[Extracted data entries]
BEGIN

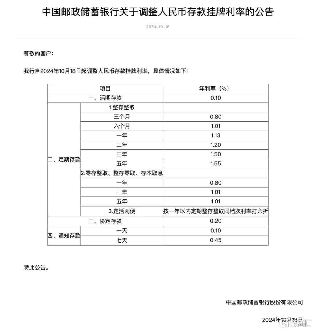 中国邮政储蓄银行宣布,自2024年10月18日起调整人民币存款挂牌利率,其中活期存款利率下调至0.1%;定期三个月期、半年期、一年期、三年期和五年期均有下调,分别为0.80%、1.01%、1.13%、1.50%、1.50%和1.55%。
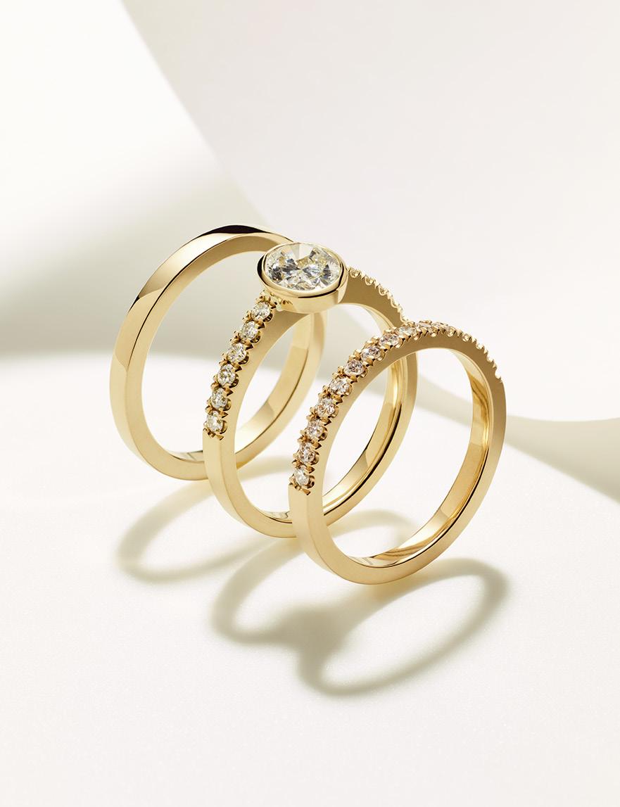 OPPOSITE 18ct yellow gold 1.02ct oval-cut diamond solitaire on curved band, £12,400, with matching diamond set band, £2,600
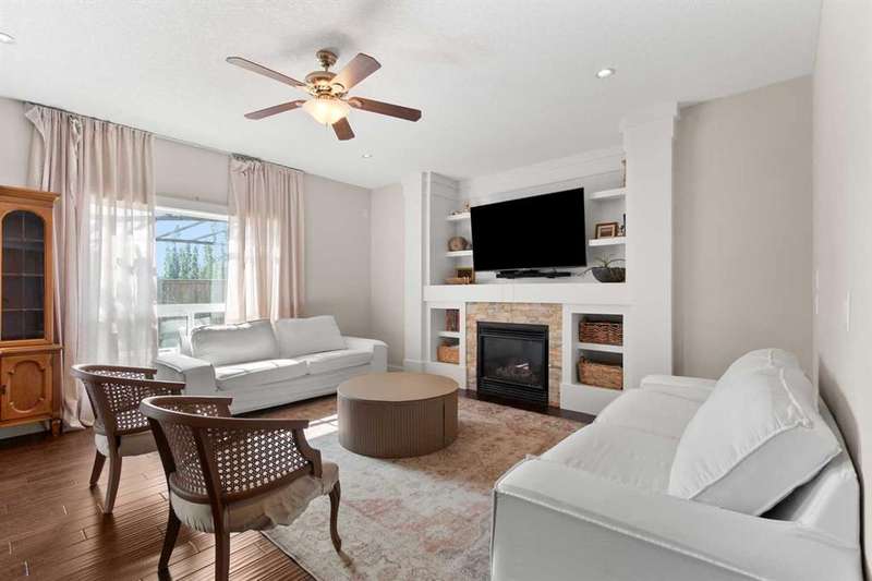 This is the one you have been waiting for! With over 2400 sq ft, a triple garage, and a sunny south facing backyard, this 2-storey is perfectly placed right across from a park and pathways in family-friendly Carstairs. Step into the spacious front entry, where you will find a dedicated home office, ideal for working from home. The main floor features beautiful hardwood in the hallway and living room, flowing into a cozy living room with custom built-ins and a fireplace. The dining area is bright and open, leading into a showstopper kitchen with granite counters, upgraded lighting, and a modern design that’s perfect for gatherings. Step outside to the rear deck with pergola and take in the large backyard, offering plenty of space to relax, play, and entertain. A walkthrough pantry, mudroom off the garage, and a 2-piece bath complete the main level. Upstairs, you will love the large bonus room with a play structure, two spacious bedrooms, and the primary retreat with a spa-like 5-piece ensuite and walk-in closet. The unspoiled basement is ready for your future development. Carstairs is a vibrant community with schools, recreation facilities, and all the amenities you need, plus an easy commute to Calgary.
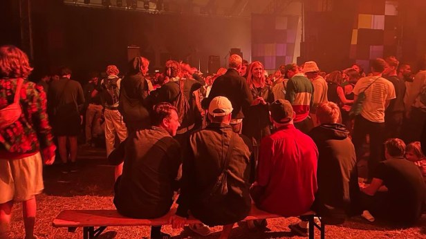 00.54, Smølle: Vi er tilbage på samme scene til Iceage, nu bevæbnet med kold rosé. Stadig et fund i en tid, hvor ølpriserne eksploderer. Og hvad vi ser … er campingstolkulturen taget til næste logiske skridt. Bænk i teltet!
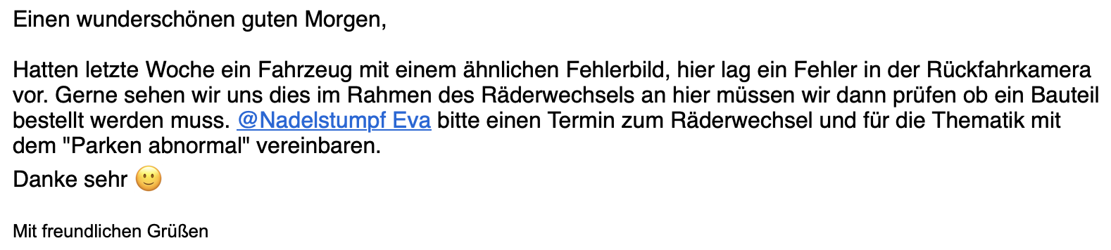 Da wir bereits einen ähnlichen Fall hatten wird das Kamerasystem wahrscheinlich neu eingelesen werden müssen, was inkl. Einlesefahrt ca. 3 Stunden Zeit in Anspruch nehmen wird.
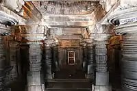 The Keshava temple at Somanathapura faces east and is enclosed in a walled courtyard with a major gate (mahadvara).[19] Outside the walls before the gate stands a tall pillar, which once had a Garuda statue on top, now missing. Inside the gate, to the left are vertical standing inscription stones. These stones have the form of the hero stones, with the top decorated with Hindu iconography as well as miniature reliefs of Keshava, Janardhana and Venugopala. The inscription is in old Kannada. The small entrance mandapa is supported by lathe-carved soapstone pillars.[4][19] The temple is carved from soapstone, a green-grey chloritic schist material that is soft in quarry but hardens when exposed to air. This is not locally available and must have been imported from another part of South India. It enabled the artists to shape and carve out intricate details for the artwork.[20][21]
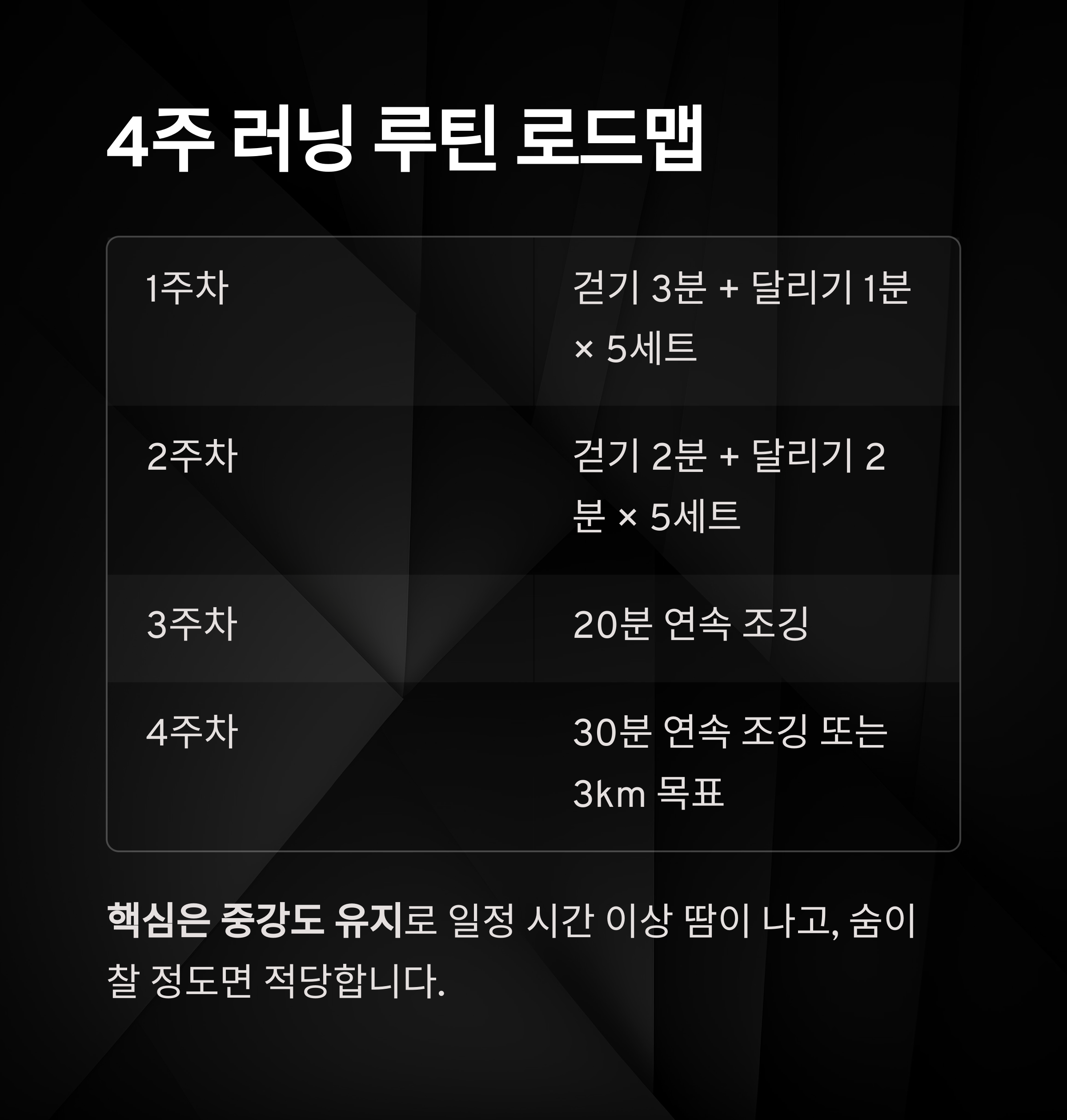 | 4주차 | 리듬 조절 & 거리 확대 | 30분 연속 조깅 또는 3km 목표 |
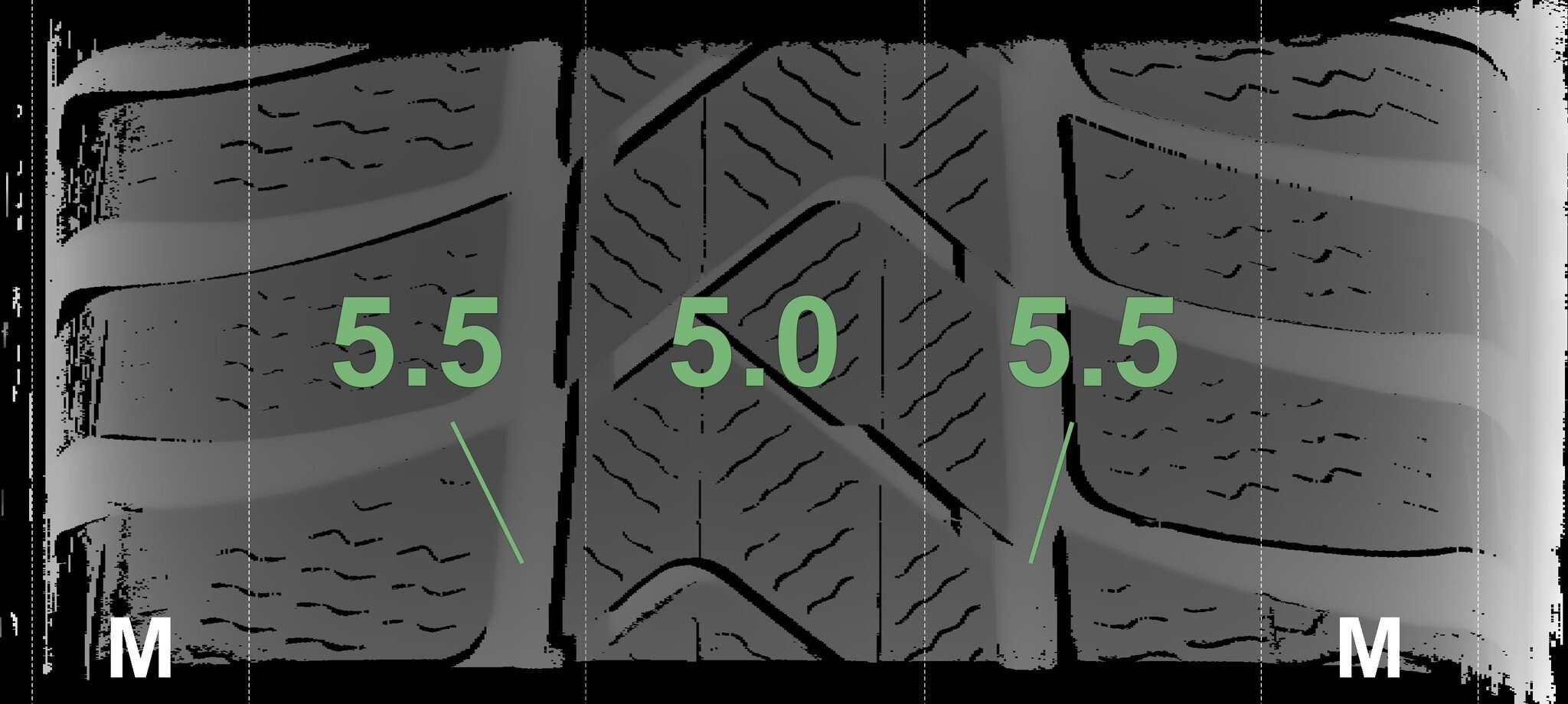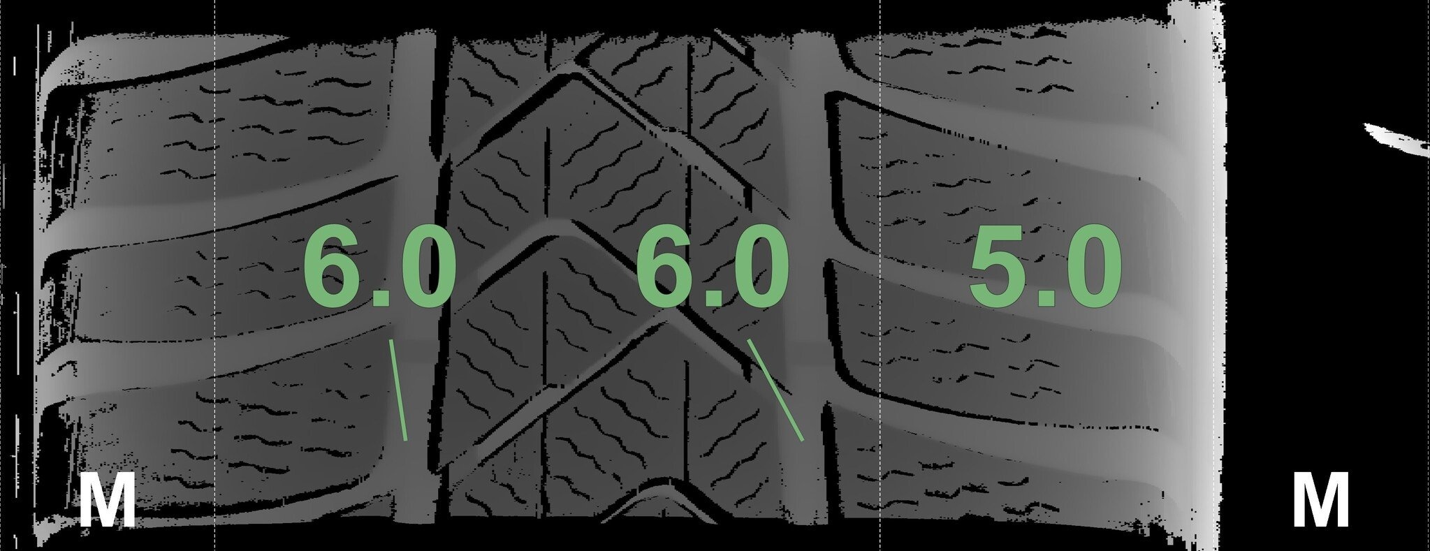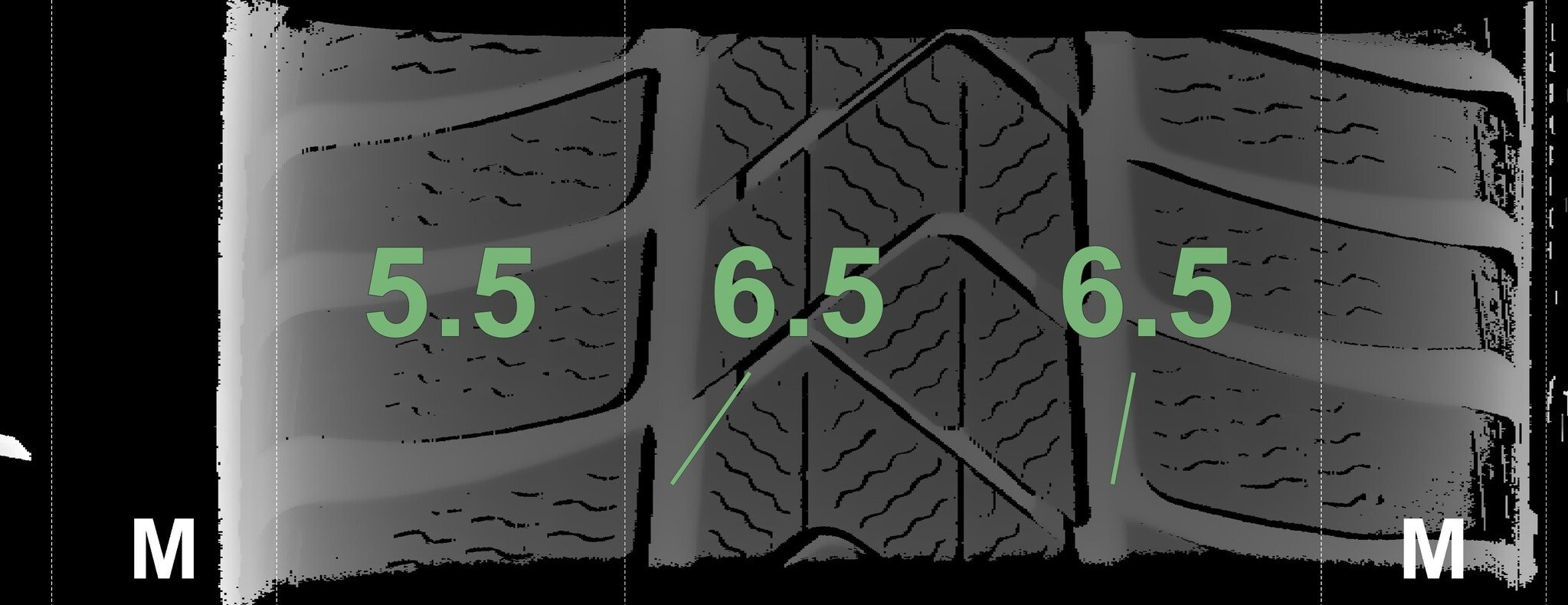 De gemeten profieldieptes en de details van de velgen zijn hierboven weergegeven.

END

» **REQUIRED WORK**
Please repeat, exactly and with nothing else, the lines from the one containing "Da wir bereits" to the last line of the entries, both included, excluding any pictures.

» **REPLY TO THE EXERCISE**
 Da wir bereits einen ähnlichen Fall hatten wird das Kamerasystem wahrscheinlich neu eingelesen werden müssen, was inkl. Einlesefahrt ca. 3 Stunden Zeit in Anspruch nehmen wird.
 The Keshava temple at Somanathapura faces east and is enclosed in a walled courtyard with a major gate (mahadvara).[19] Outside the walls before the gate stands a tall pillar, which once had a Garuda statue on top, now missing. Inside the gate, to the left are vertical standing inscription stones. These stones have the form of the hero stones, with the top decorated with Hindu iconography as well as miniature reliefs of Keshava, Janardhana and Venugopala. The inscription is in old Kannada. The small entrance mandapa is supported by lathe-carved soapstone pillars.[4][19] The temple is carved from soapstone, a green-grey chloritic schist material that is soft in quarry but hardens when exposed to air. This is not locally available and must have been imported from another part of South India. It enabled the artists to shape and carve out intricate details for the artwork.[20][21]
 | 4주차 | 리듬 조절 & 거리 확대 | 30분 연속 조깅 또는 3km 목표 |
 De gemeten profieldieptes en de details van de velgen zijn hierboven weergegeven.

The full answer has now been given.